Hollande: US must respect 'irreversible' climate deal
French President Francois Hollande on Tuesday urged the United States to respect the "irreversible" Paris Agreement on climate change, and said France will lead a dialogue on the topic with President-elect Donald Trump "on behalf of the 100 countries that have ratified" the deal.
Speaking to a U.N. climate conference in Morocco, Hollande praised U.S. President Barack Obama for his role in getting the landmark pact adopted in the French capital last year.
"The United States, the most powerful economy in the world, the second-largest emitter of greenhouse gases, must respect the commitments that were made," he said. "It's not simply their duty, it's in their interest."
Scientists say oil and other fossil fuels are the biggest contributors to man-made warming. Trump, however, has called global warming a "hoax" and pledged during his campaign to "cancel" the Paris deal.
"The agreement was historic," Hollande said. "But what we must say here is that this agreement is irreversible."
Earlier, U.N. Secretary-General Ban Ki-moon said he hopes Trump will shift his course on global warming and "understand the seriousness and urgency" of addressing the problem.
"As president of the United States, I'm sure that he will understand this, he will listen and he will evaluate his campaign remarks," Ban told reporters in Marrakech.

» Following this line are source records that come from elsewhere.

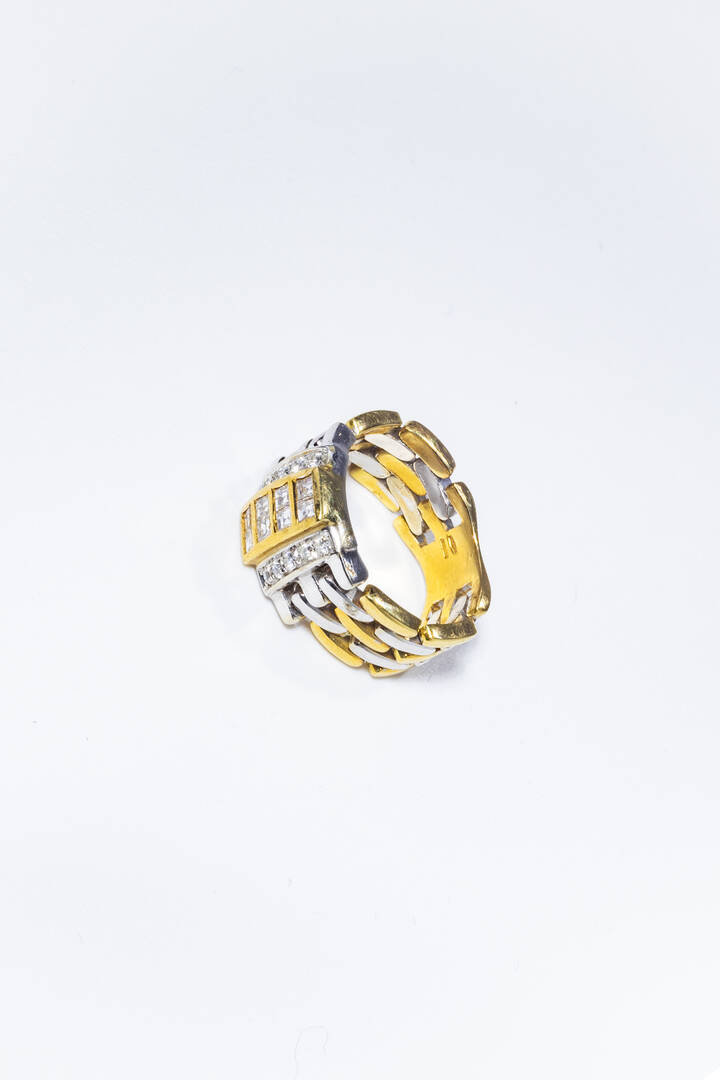 in oro giallo e bianco, a maglia panthere morbida, al centro diamanti taglio carré e brillante per totali ct 0,70 ca.
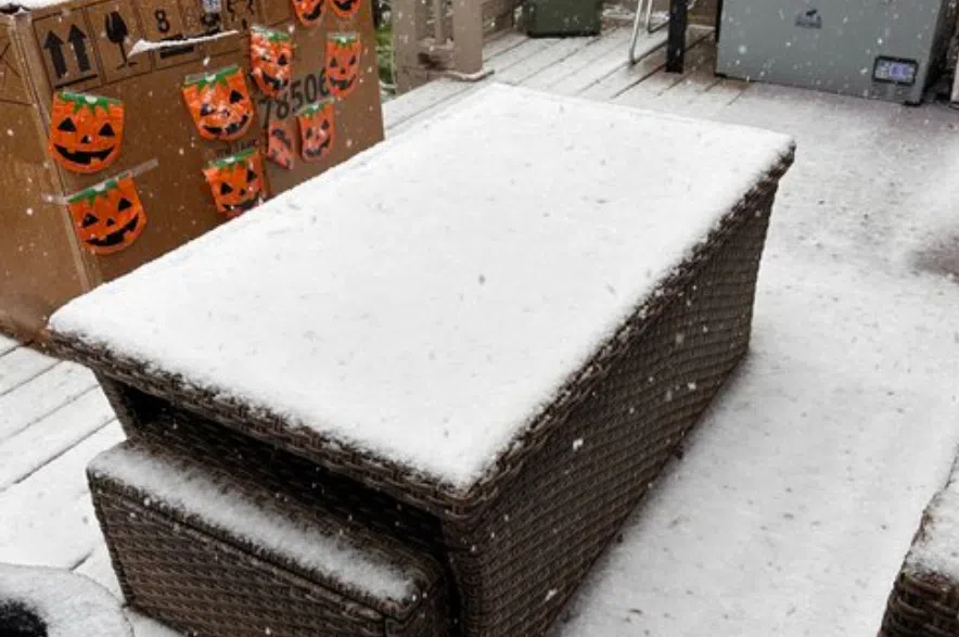 Northeastern parts of Saskatchewan were under a snowfall warning on Monday, with total amounts of 15 to 25 cm expected, while the white stuff also fell elsewhere in the province over Thanksgiving.
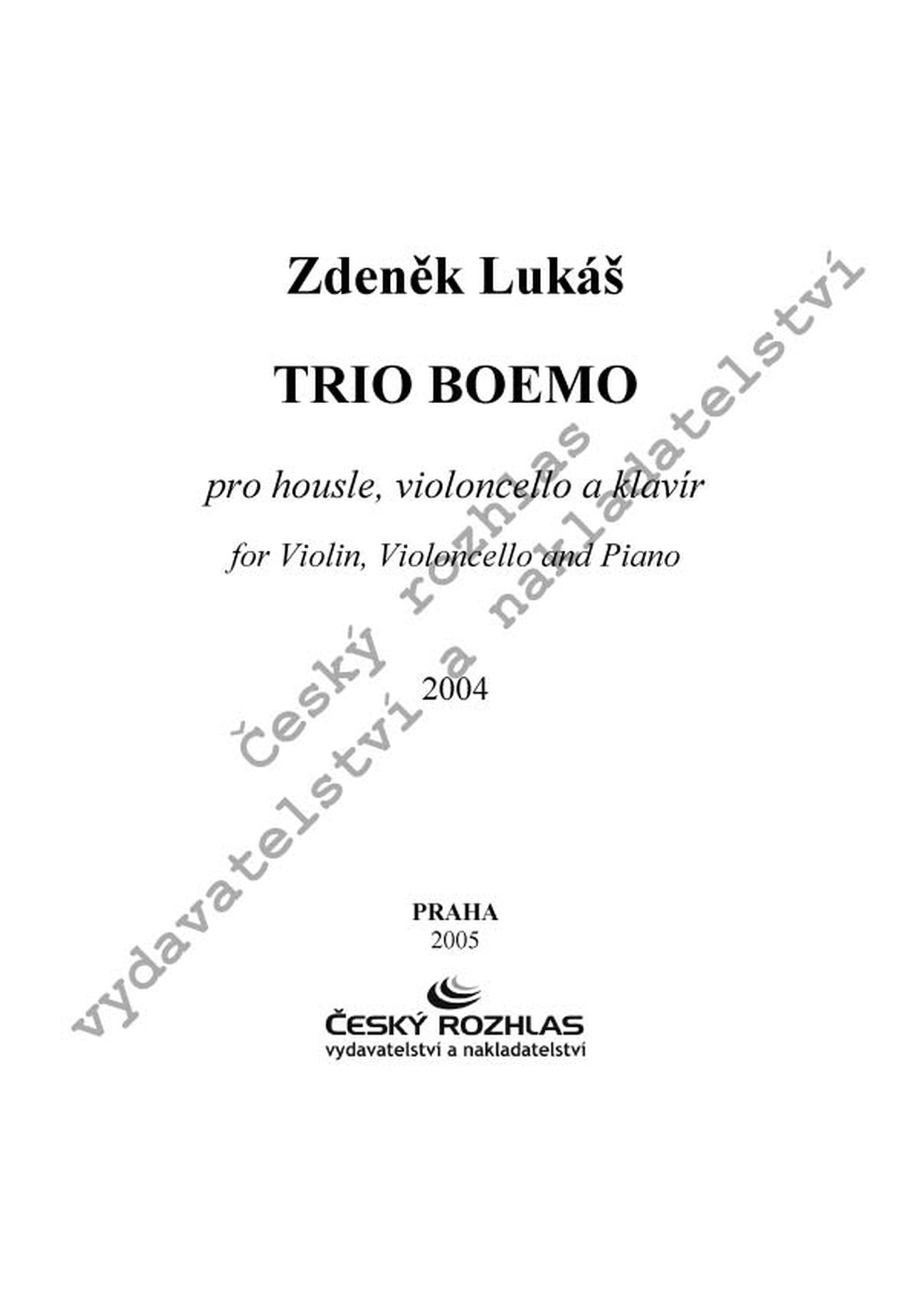 Druhá skladba pro klavírní trio komponovaná Zdeňkem Lukášem má název Trio Boemo. V porovnání s první skladbou z roku 1968, která je zatěžkána smutkem a dramatičností, je tato nadlehčená bezprostředností člověka vyzrálého k životnímu optimismu, jehož invence je s přibývajícím věkem stále radostnější a úsměvnější. V její zdánlivě neobvyklé dvoudílné formě se v začátku druhé věty skrývá jiskřivý rychlý střední díl. Průzračnou sazbu tohoto klavírního tria vytvořil Z. Lukáš na přání členů současného Českého tria, kterým také skladbu věnoval.
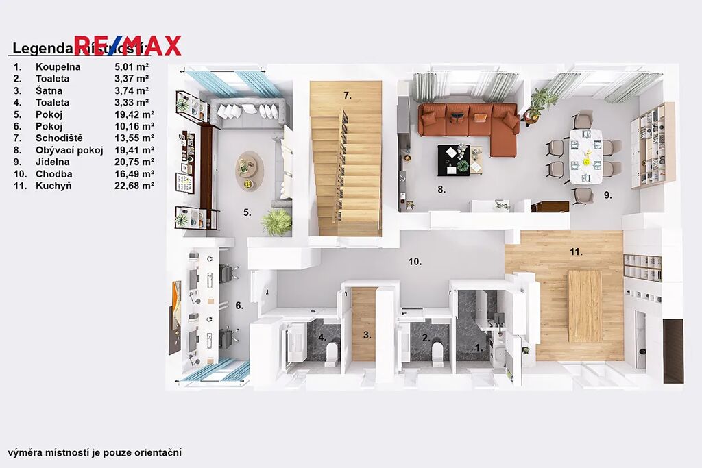 Díky své velikosti je ideálním řešením pro početnější rodinu. Nabízí krásné a komfortní zázemí. Aktuálně jsou plně obytná dvě podlaží, takže dům okamžitě poskytne pohodlí celé domácnosti. Orientační výměry jednotlivých místností jsou zmíněné v přiložených půdorysech. Spolu s tím Vám doporučujeme projít si nemovitost za pomoci 3D virtuální prohlídky, která Vám dopomůže k plné představě o rozložení jednotlivých místností.

The Paris Agreement was signed by more than 190 countries and has been formally approved by more than 100 of them, including the United States and even oil-rich Saudi Arabia.
Ban called international climate action "unstoppable" and said that no country, "however resourceful or powerful," is immune from the impacts of global warming.
"We have no right to gamble with the fate of future generations—or imperil the survival of other species that share our planet," Ban told the conference.
Trump's election has created uncertainty about the U.S. role in the Paris deal, which calls on all countries to reduce or curb their greenhouse gas emissions and encourages rich countries to help poor ones deal with climate change.
King Mohammed VI of Morocco urged delegates at the conference to translate their commitments into actions.
"What's at stake is the very existence of man," the king said. "It is therefore our joint duty to work hand in hand to protect humanity."